Abstract
Choosing the appropriate missing data (MD) imputation technique for a given software development effort estimation (SDEE) technique is not a trivial task. In fact, the impact of MD imputation on the estimation output depends on the dataset and the SDEE technique used, and there is no best imputation technique in all contexts. Thus, an attractive solution is to use more than one imputation technique and combine their results to obtain a final imputation outcome. This concept is called ensemble imputation and can significantly improve the effort estimation accuracy. This study proposes and constructs 11 heterogeneous ensemble imputation techniques, whose members are two, three, or four of the following single imputation techniques: K-nearest neighbors, expectation maximization, support vector regression (SVR) and decision trees (DTs). The effects of single/ensemble imputation techniques on SDEE performance were evaluated over six SDEE datasets: COCOMO81, ISBSG, Desharnais, China, Kemerer, and Miyazaki. Five SDEE performance measures were used: standardized accuracy (SA), predictor at 25% (Pred (0.25)), mean balanced relative error (MBRE), mean inverted balanced relative error (MIBRE), and logarithmic standard deviation (LSD). Moreover, we used: (1) the Skott-Knott (SK) statistical test to cluster and compare the results, and (2) the Borda count method to rank the SDEE techniques belonging to the best SK cluster.
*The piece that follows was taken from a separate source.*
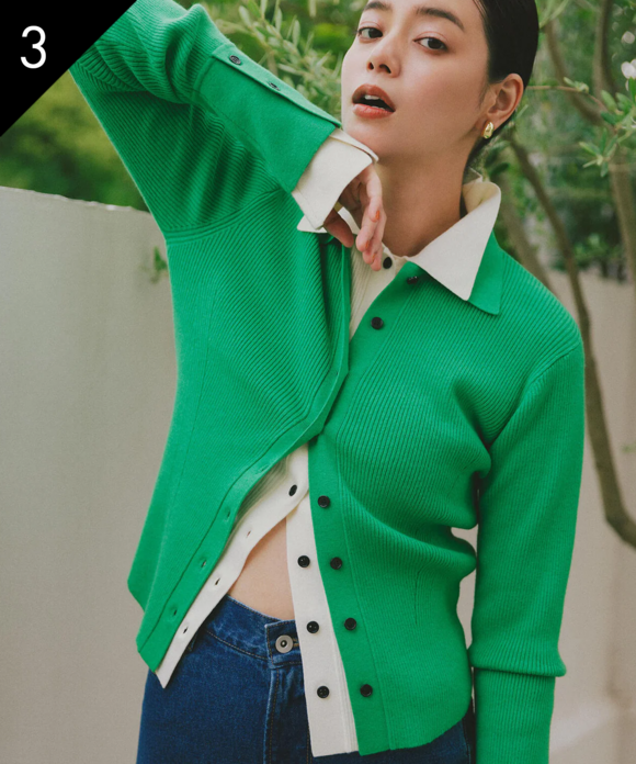 【岸本セシルさん着用】ポロ襟フレアカフスニット

The results showed that ensemble imputers significantly improved the performance of SDEE techniques compared to single imputation techniques. We also found that adding one or more imputers to the ensemble imputers generally led to a significant improvement in the SDEE performance. When the performance improvement is not significant, it is better to use the ensemble imputer with the minimum number of members because it is less complex. For ensemble imputers, the results suggest that no particular ensemble imputer gave the best results in all contexts. Overall, SVR imputation was the best imputation technique used to construct ensemble imputers for the SDEE. For the SDEE techniques, the best results were obtained by the DTs and SVR variants using ensemble imputation.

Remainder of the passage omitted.